BRIEF :: Leaving out all pictures, write down exactly the lines from the one containing "기차로 장거리 이동밖에" through the last line of the material.

______

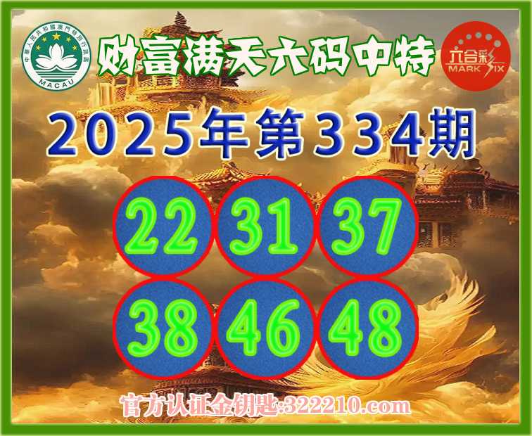 334期:〖财富满天〗 ♦️六码中特♦️【22.31.37.38.46.48】开:46
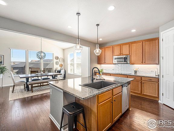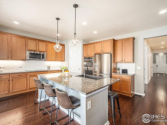 Welcome to this gorgeous 1 story home in the highly desirable Barefoot Lakes neighborhood. Everything you need is conveniently on the main level. The kitchen is a dream with a large island with seating, granite countertops, double ovens and stainless steel appliances. The light filled dining room off the kitchen is a great place to entertain. Open to the kitchen is a spacious living room with a cozy gas fireplace. The primary bedroom features a coffered ceiling and wall detail plus a walk in closet and ensuite 5 piece bathroom. The primary bathroom has a double vanity and separate glass encased shower and soaking tub. Bedrooms 2 & 3 are light filled with a lovely full bathroom in the hallway between them. Working from home is a breeze in the dedicated office with fiber internet that was just installed. Alternatively, the office could be used as a playroom or craft room. The roomy laundry room is also on the main floor with the bedrooms so no more hauling clothes up and down the stairs. The basement is insulated and offers another 2,149 sqft of endless possibilities. The large covered patio is great for enjoying Colorado year round and the low maintenance zeroscaped backyard offers all the benefits without the hassle. Bring all of your toys and vehicles, they can easily fit in the 3 car garage. Don't miss the lowest priced 1 story home available in Barefoot Lakes. Schedule a showing today!
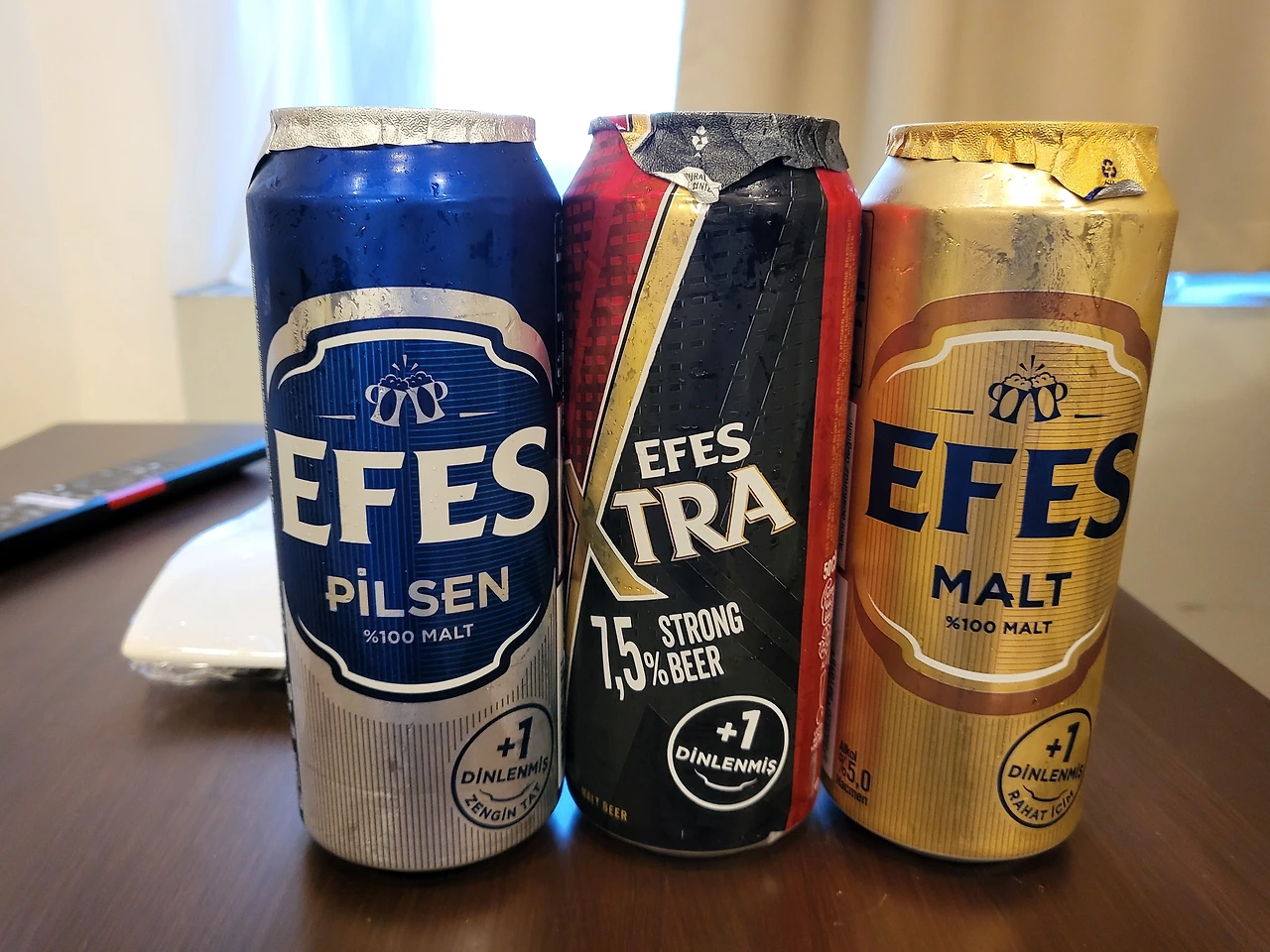 기차로 장거리 이동밖에 한 것이 없는데 피로는 몰려오고, 숙소로 돌아왔는데 이것저것 정리하고 식료품점 미그로스(Migros)에서 산 에페스. 이스탄불에선 맥주를 살 틈이 없어서 1식 1 맥도 못했고 숙소에서도 한잔 못했는데 이번엔 술 고프니까 맥주 세 캔을 샀다. 그중 하나는 에페스 엑스트라로 알코올 7.5%이다. 시원하게 오늘은 맥주를 마셔봤다. 역시 여름엔 맥주다.
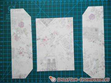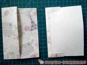 20. Сложим обложку вдвое, совместив уголки и хорошенько пригладив место сгиба.
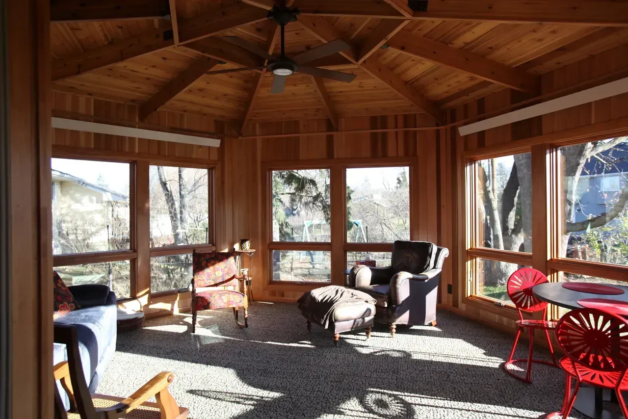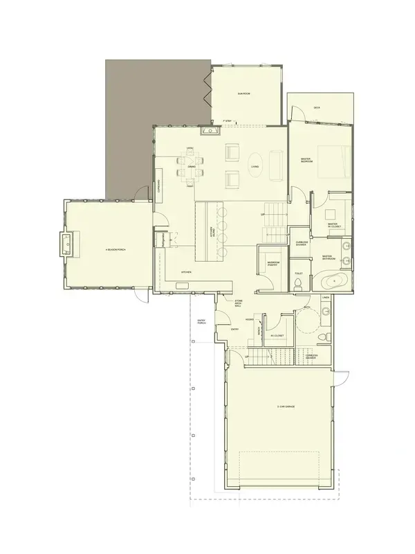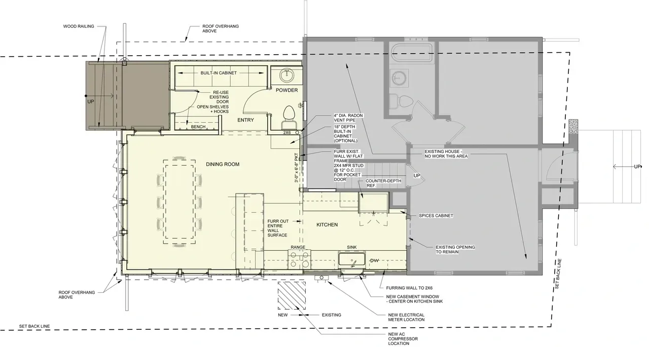 A selective renovation and modest addition to the space transformed this turn-of-the-century home into a lovely, open living space that embraces its beautiful backyard views. Extending a new dining room over the previous drive-under garage created a covered walk-out entry opening to a new patio. Moreover, the extensive structural renovation allowed continuous ceiling planes to open, transforming the once segmented rooms into a cohesive unit.

______

SOLUTION FOR THIS PROBLEM ::
 기차로 장거리 이동밖에 한 것이 없는데 피로는 몰려오고, 숙소로 돌아왔는데 이것저것 정리하고 식료품점 미그로스(Migros)에서 산 에페스. 이스탄불에선 맥주를 살 틈이 없어서 1식 1 맥도 못했고 숙소에서도 한잔 못했는데 이번엔 술 고프니까 맥주 세 캔을 샀다. 그중 하나는 에페스 엑스트라로 알코올 7.5%이다. 시원하게 오늘은 맥주를 마셔봤다. 역시 여름엔 맥주다.
 20. Сложим обложку вдвое, совместив уголки и хорошенько пригладив место сгиба.
 A selective renovation and modest addition to the space transformed this turn-of-the-century home into a lovely, open living space that embraces its beautiful backyard views. Extending a new dining room over the previous drive-under garage created a covered walk-out entry opening to a new patio. Moreover, the extensive structural renovation allowed continuous ceiling planes to open, transforming the once segmented rooms into a cohesive unit.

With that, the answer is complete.